■ **Supplied records**
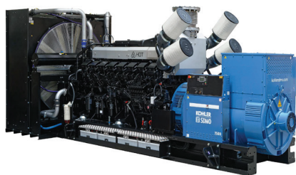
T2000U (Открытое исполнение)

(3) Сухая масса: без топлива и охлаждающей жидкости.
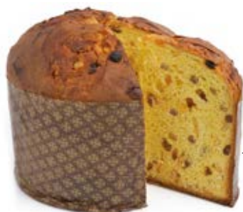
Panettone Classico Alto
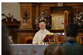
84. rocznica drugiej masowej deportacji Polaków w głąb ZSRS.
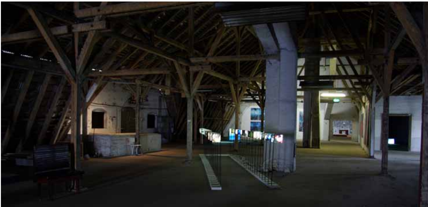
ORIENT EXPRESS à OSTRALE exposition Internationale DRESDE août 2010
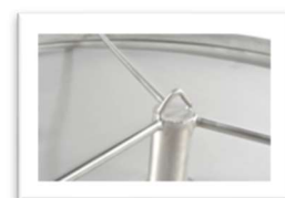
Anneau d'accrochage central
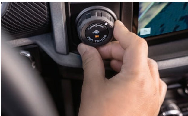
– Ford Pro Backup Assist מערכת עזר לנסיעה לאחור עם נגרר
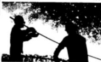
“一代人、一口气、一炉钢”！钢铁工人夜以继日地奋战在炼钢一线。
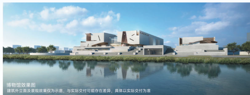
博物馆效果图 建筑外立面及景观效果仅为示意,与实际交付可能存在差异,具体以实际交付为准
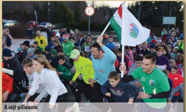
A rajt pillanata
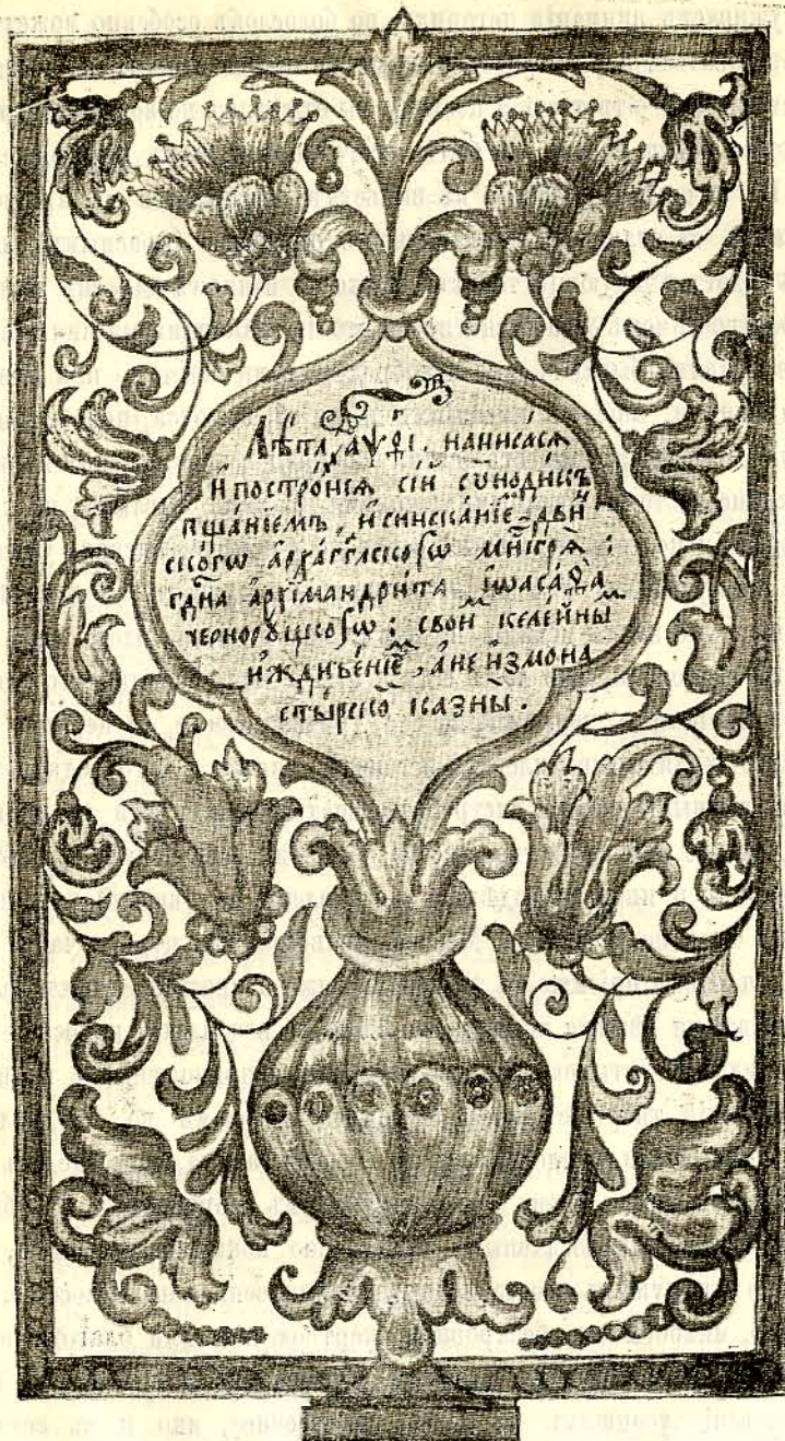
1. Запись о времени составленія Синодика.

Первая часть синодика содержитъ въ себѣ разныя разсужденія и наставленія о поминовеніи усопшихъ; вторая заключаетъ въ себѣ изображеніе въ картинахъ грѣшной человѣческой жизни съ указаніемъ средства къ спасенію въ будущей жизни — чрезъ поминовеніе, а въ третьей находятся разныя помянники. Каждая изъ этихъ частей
==
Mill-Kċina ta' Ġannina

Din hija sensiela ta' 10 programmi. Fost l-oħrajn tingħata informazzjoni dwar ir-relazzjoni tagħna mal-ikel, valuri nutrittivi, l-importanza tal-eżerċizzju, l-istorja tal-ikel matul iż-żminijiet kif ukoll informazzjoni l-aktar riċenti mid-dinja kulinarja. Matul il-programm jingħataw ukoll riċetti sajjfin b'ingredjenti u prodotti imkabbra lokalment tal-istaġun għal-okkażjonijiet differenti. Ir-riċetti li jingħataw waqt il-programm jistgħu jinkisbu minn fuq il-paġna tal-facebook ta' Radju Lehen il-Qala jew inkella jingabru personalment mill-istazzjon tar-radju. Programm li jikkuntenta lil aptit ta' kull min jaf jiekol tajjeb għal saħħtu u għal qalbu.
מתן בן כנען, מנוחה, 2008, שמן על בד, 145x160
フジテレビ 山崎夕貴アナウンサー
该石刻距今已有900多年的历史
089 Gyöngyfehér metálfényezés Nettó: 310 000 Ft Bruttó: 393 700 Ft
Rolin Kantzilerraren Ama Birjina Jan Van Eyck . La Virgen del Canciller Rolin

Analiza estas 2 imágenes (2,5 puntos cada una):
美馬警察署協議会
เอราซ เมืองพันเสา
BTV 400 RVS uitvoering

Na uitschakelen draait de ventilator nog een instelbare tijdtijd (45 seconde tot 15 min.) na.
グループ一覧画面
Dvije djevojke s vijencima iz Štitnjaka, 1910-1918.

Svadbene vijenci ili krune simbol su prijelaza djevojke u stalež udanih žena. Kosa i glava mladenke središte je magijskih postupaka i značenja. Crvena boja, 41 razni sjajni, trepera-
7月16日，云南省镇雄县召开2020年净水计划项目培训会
--
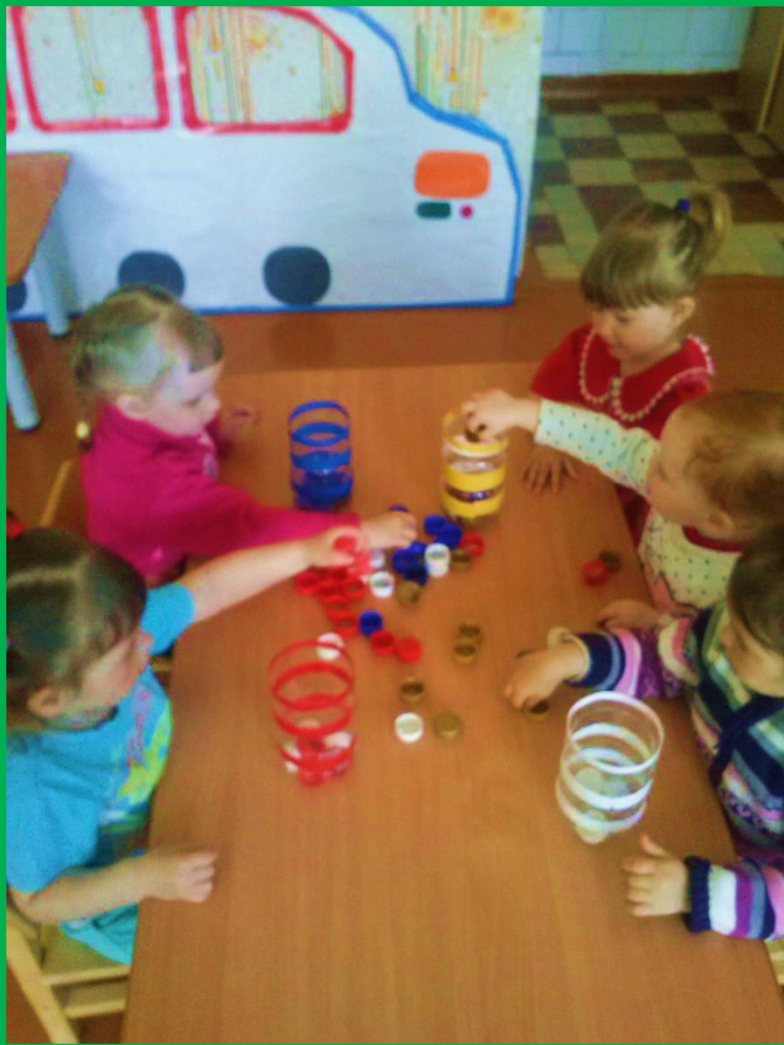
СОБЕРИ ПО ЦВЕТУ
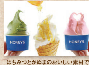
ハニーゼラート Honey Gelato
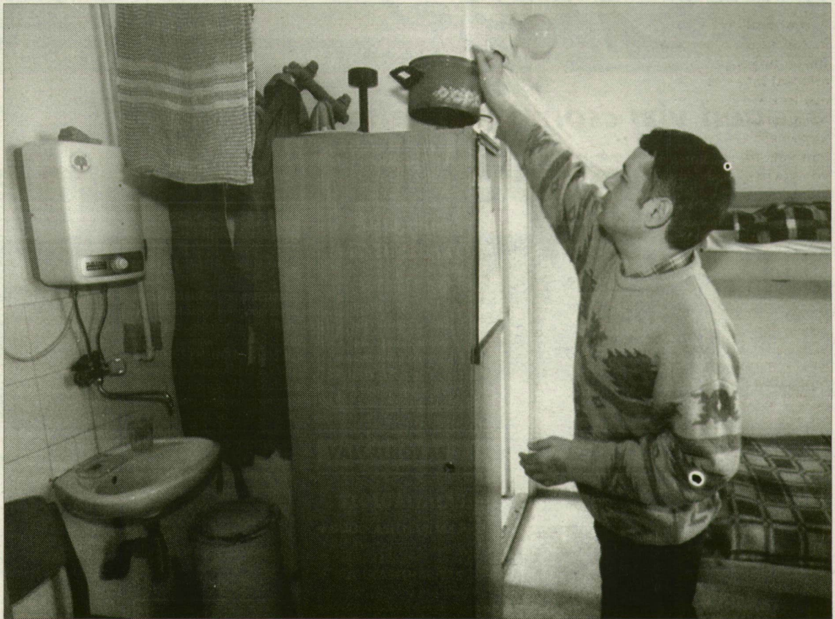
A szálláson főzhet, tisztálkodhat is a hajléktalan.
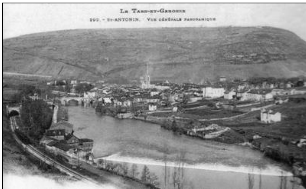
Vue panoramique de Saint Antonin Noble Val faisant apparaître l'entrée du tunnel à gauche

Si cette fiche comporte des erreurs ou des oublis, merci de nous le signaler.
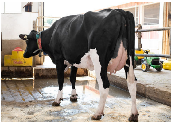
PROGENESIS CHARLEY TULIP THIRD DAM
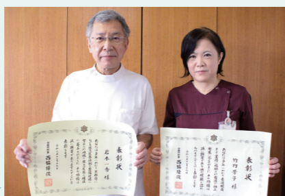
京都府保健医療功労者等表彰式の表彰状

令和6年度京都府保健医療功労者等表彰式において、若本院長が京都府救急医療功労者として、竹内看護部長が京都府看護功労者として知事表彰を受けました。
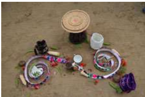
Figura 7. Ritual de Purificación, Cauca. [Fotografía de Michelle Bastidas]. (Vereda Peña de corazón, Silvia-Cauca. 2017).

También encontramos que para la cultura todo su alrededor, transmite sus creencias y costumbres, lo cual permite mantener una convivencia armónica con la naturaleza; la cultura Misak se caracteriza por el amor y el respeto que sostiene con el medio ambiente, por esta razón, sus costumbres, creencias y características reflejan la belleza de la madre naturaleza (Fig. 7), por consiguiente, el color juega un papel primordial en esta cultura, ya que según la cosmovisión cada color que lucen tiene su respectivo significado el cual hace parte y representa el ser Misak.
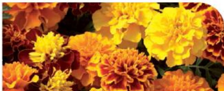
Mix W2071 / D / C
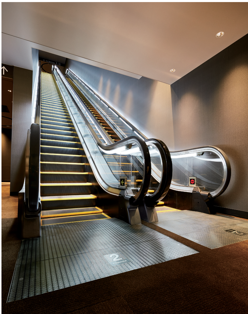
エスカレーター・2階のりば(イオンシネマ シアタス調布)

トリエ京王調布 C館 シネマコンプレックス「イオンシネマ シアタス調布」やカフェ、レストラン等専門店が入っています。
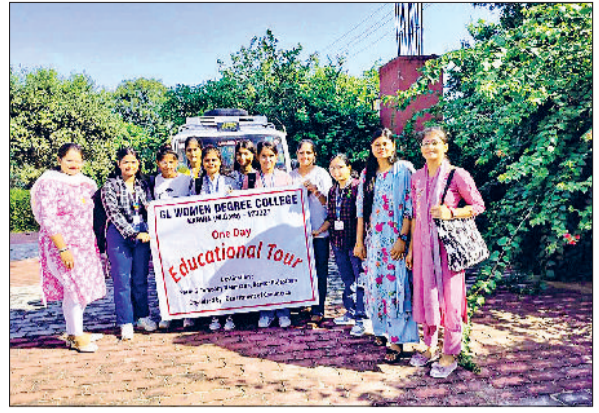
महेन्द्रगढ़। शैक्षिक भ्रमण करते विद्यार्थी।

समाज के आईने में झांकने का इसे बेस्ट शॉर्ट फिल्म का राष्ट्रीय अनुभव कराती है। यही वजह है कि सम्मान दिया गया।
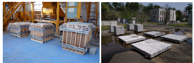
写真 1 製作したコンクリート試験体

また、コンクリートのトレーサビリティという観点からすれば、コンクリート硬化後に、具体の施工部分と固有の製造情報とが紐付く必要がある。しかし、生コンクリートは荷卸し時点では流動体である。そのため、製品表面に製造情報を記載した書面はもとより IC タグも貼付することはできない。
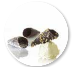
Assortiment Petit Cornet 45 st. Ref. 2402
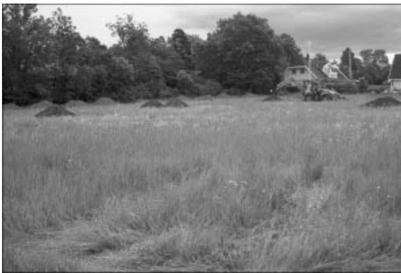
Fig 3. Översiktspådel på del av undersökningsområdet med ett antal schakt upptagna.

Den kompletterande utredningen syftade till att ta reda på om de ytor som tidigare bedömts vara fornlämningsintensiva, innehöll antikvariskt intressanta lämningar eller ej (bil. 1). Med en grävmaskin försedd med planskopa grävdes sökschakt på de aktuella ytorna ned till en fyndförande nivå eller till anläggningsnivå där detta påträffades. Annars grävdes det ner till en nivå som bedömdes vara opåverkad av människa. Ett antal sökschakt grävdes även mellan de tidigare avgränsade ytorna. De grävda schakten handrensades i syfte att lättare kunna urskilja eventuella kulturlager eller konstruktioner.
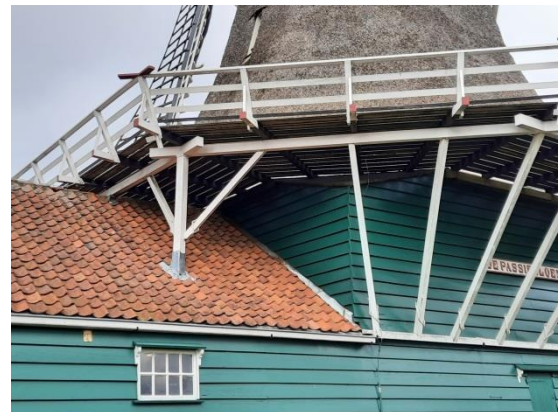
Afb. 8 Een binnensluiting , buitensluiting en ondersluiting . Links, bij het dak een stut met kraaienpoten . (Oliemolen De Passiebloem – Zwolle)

■ **Assignment**
Above are the records; copy from them only the lines starting at the one containing "T2000U (Открытое исполнение)" and ending at the one containing "Первая часть синодика", exactly and without pictures.

■ **Solved exercise**
T2000U (Открытое исполнение)

(3) Сухая масса: без топлива и охлаждающей жидкости.
Panettone Classico Alto
84. rocznica drugiej masowej deportacji Polaków w głąb ZSRS.
ORIENT EXPRESS à OSTRALE exposition Internationale DRESDE août 2010
Anneau d'accrochage central
– Ford Pro Backup Assist מערכת עזר לנסיעה לאחור עם נגרר
“一代人、一口气、一炉钢”！钢铁工人夜以继日地奋战在炼钢一线。
博物馆效果图 建筑外立面及景观效果仅为示意,与实际交付可能存在差异,具体以实际交付为准
A rajt pillanata
1. Запись о времени составленія Синодика.

Первая часть синодика содержитъ въ себѣ разныя разсужденія и наставленія о поминовеніи усопшихъ; вторая заключаетъ въ себѣ изображеніе въ картинахъ грѣшной человѣческой жизни съ указаніемъ средства къ спасенію въ будущей жизни — чрезъ поминовеніе, а въ третьей находятся разныя помянники. Каждая изъ этихъ частей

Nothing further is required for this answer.